The Menominee Indian Tribe of Wisconsin  contributed over 4 tons of electronic and pharmaceutical waste to the EPA Great Lakes 2008 Earth Day Challenge.

This is the first of several vidoes explaining the tribes numerous projects that included cleaning up the reservation, replacing gang symbols with Native American art, teaching youth about the legend of the sturgeon and its place in tribal culture.

In part one, the non-profit interfaith Earth Healing Initiative looks at the many recycling projects of the College of Menominee nation.

Drum to honor tribal school students

(Keshena, WI) – The Menominee Indian Tribe of Wisconsin in Keshena is being praised for its massive cleanup projects during the EPA Great Lakes 2008 Earth Day Challenge – involving over 100 projects across eight states that comprise the Great lakes basin.

The college of Menominee Nation held a pharmaceutical and electronic waste collection as part of the EPA Great Lakes 2008 Earth Day Challenge.

Tribal school students

Other tribal projects during the challenge included the clean up of two reservation communities by tribal school students, The Menominee Teen Court Panel, and many other volunteers.

sturgeon classes collage
All classes at the tribal school taught the students about the sturgeon, that is a vital part of Menominee legend and heritage.

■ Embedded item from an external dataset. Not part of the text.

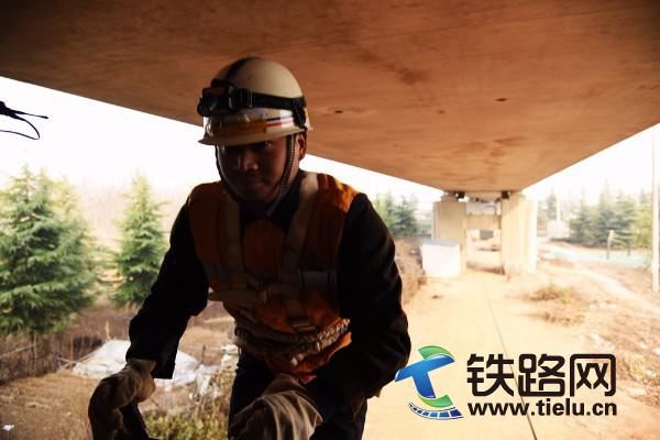數九寒天,中原地區天寒地凍。在高架橋橋墩上從事檢修作業,風無遮攔,寒風嗖嗖的身邊穿過,盡管他們都穿著厚厚的保暖衣褲、戴上防寒手套,一次工作長達4個小時,但腳手還是被凍的冰涼冰涼。尤其是春運期間,為保證高密度通車情況下設備的絕對安全。白天,他們腰系安全繩,頭戴安全帽和照明燈,通過架設懸梯,攀爬到距離地面幾米十幾米高的橋墩上,頂著刺骨寒風,檢查橋墩、橋臺和橋梁支座。通過梁體出入口,再進入到陰暗寒冷的橋梁“肚子”里,檢查梁體裂紋、損害等設備病害。洛陽工務段龍門橋隧車間主任閆江說:“你像這種數九寒天的天氣,我們一般作業時間都是在4個小時以上,穿再厚的衣服,4個小時下來全身都凍透了。但是我們看到每一趟動車安全正點通過,旅客能夠順利到達目的地,我們就感覺所有的工作都值了”。

Called the protector guardian of Menominee wild rice, the sturgeon used to spawn on the reservation until a man made dam blocked the route so the sturgeon could not reach their ancestral spawning grounds.

Gang wall collage

The students also whitewashed gang graffiti at a skateboard park replacing it with American Indian art.

Adults participated in the challenge in a big way – as the tribe’s Solid Waste and Recycling Department held curbside e-waste collections during Earth week 2008 – and all month accepted e-waste at the transfer station. Cardboard and other items are also recycled by the Menominee tribe.

garbage monsters collage

Native American and other students also made garbage monsters at the Keshena Public Schools with help from their parents using common every day trash from home. The students made a presentation on how to be reuse stuff they normally thrown in the trash like plastic jugs.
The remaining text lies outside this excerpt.